If you have examples where the file system has a very large number of
inodes with extent tree depths > 1, it would be useful to see these
numbers, with a description of how old the file system has been, and
what sort of workload might have contributed to its aging.
Thanks, regards,
- Ted
e2fsck 1.42.8 (20-Jun-2013)
Pass 1: Checking inodes, blocks, and sizes
Pass 1: Memory used: 668k/7692k (575k/94k), time: 0.92/ 0.42/ 0.02
Pass 1: I/O read: 11MB, write: 0MB, rate: 11.95MB/s
Pass 2: Checking directory structure
Pass 2: Memory used: 784k/15196k (466k/319k), time: 0.44/ 0.03/ 0.00
Pass 2: I/O read: 10MB, write: 0MB, rate: 22.76MB/s
Pass 3: Checking directory connectivity
Peak memory: Memory used: 784k/15196k (466k/319k), time: 1.60/ 0.63/ 0.02
Pass 3: Memory used: 784k/15196k (439k/346k), time: 0.00/ 0.00/ 0.00
Pass 3: I/O read: 1MB, write: 0MB, rate: 2793.30MB/s
Pass 4: Checking reference counts
Pass 4: Memory used: 784k/188k (432k/353k), time: 0.63/ 0.63/ 0.00
Pass 4: I/O read: 0MB, write: 0MB, rate: 0.00MB/s
Pass 5: Checking group summary information
Pass 5: Memory used: 784k/188k (426k/359k), time: 4.95/ 0.16/ 0.10
Pass 5: I/O read: 19MB, write: 0MB, rate: 3.84MB/s
13825 inodes used (0.03%, out of 47906816)
1425 non-contiguous files (10.3%)
11 non-contiguous directories (0.1%)
# of inodes with ind/dind/tind blocks: 0/0/0
Extent depth histogram: 12986/831
141525383 blocks used (73.85%, out of 191627264)
0 bad blocks
4 large files
11537 regular files
2279 directories
0 character device files
0 block device files
0 fifos
0 links
0 symbolic links (0 fast symbolic links)
0 sockets
------------
13816 files
Memory used: 784k/188k (426k/359k), time: 7.19/ 1.42/ 0.12
I/O read: 39MB, write: 0MB, rate: 5.43MB/s
Note: the reason why this file system has so many files with large
extents is because there are some video files which large enough that
even when contiguous, they will require an external extent block, e.g:
File size of 01 Yankee White.m4v is 499375730 (121918 blocks of 4096 bytes)

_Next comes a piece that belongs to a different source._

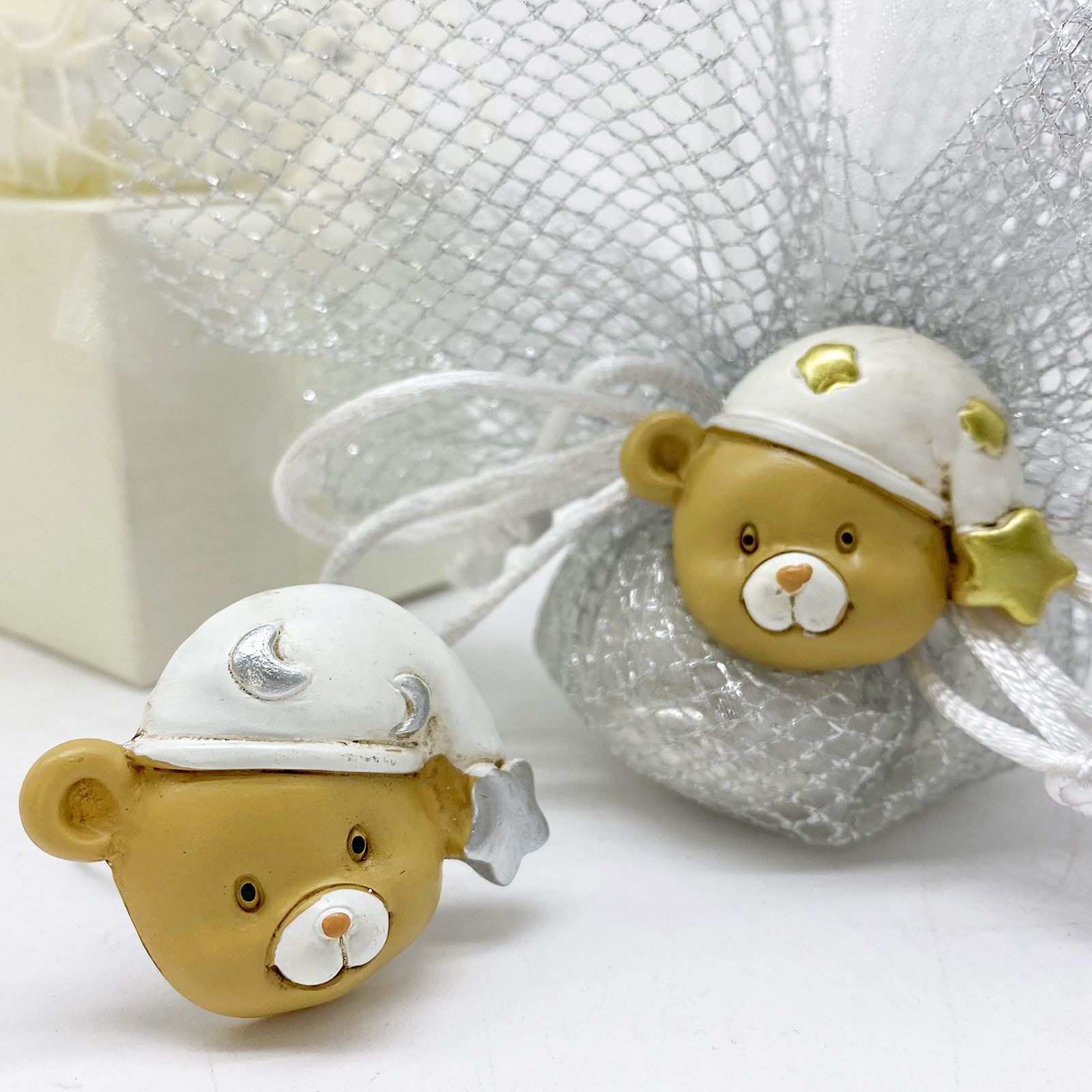 Accogli il nuovo arrivato con dolcezza grazie alla nostra adorabile calamita con testa di orsetto. Realizzata in resistente resina, questa bomboniera è perfetta per celebrare la nascita di un bimbo o di una bimba, aggiungendo un tocco giocoso e tenero alla tua festa.

ext: logical_offset: physical_offset: length: expected: flags:
0: 0.. 0: 19802112.. 19802112: 1:
1: 2.. 315: 19802114.. 19802427: 314: 19802113:
2: 543.. 14335: 19802655.. 19816447: 13793: 19802428:
3: 14336.. 47103: 19830784.. 19863551: 32768: 19816448:
4: 47104.. 73727: 19896320.. 19922943: 26624: 19863552:
5: 73728.. 79871: 19955712.. 19961855: 6144: 19922944:
6: 79872.. 112639: 19994624.. 20027391: 32768: 19961856:
7: 112640.. 121917: 20060160.. 20069437: 9278: 20027392: eof
01 Yankee White.m4v: 8 extents found
BTW, looking at the output of filefrag -v on large files, it does look
like there is some work we can do to improve the block allocation
hueristics. These files were written w/o the benefit of fallocate,
but with delayed allocation, and apparently we aren't automatically
figuring out that we should be in stream mode from the get-go. This
pattern is reproduced in most of the files in the directory:
File size of 02 Hung Out to Dry.m4v is 552382434 (134859 blocks of 4096 bytes)
ext: logical_offset: physical_offset: length: expected: flags:
0: 0.. 0: 19816448.. 19816448: 1:
1: 2.. 314: 19816450.. 19816762: 313: 19816449:
2: 542.. 14335: 19816990.. 19830783: 13794: 19816763:
3: 14336.. 47103: 19863552.. 19896319: 32768: 19830784:
4: 47104.. 79871: 19961856.. 19994623: 32768: 19896320:
5: 79872.. 112639: 20027392.. 20060159: 32768: 19994624:
6: 112640.. 134858: 20070400.. 20092618: 22219: 20060160: eof
02 Hung Out to Dry.m4v: 7 extents found
File size of 03 Sea Dog.m4v is 553146161 (135046 blocks of 4096 bytes)
ext: logical_offset: physical_offset: length: expected: flags:
0: 0.. 0: 20092928.. 20092928: 1:
1: 2.. 159: 20092930.. 20093087: 158: 20092929:
2: 161.. 306: 20093089.. 20093234: 146: 20093088:
3: 534.. 14335: 20093462.. 20107263: 13802: 20093235:
4: 14336.. 47103: 20121600.. 20154367: 32768: 20107264:
5: 47104.. 79871: 20187136.. 20219903: 32768: 20154368:
6: 79872.. 112639: 20252672.. 20285439: 32768: 20219904:
7: 112640.. 135045: 20318208.. 20340613: 22406: 20285440: eof
03 Sea Dog.m4v: 8 extents found
File size of 04 The Immortals.m4v is 516091162 (125999 blocks of 4096 bytes)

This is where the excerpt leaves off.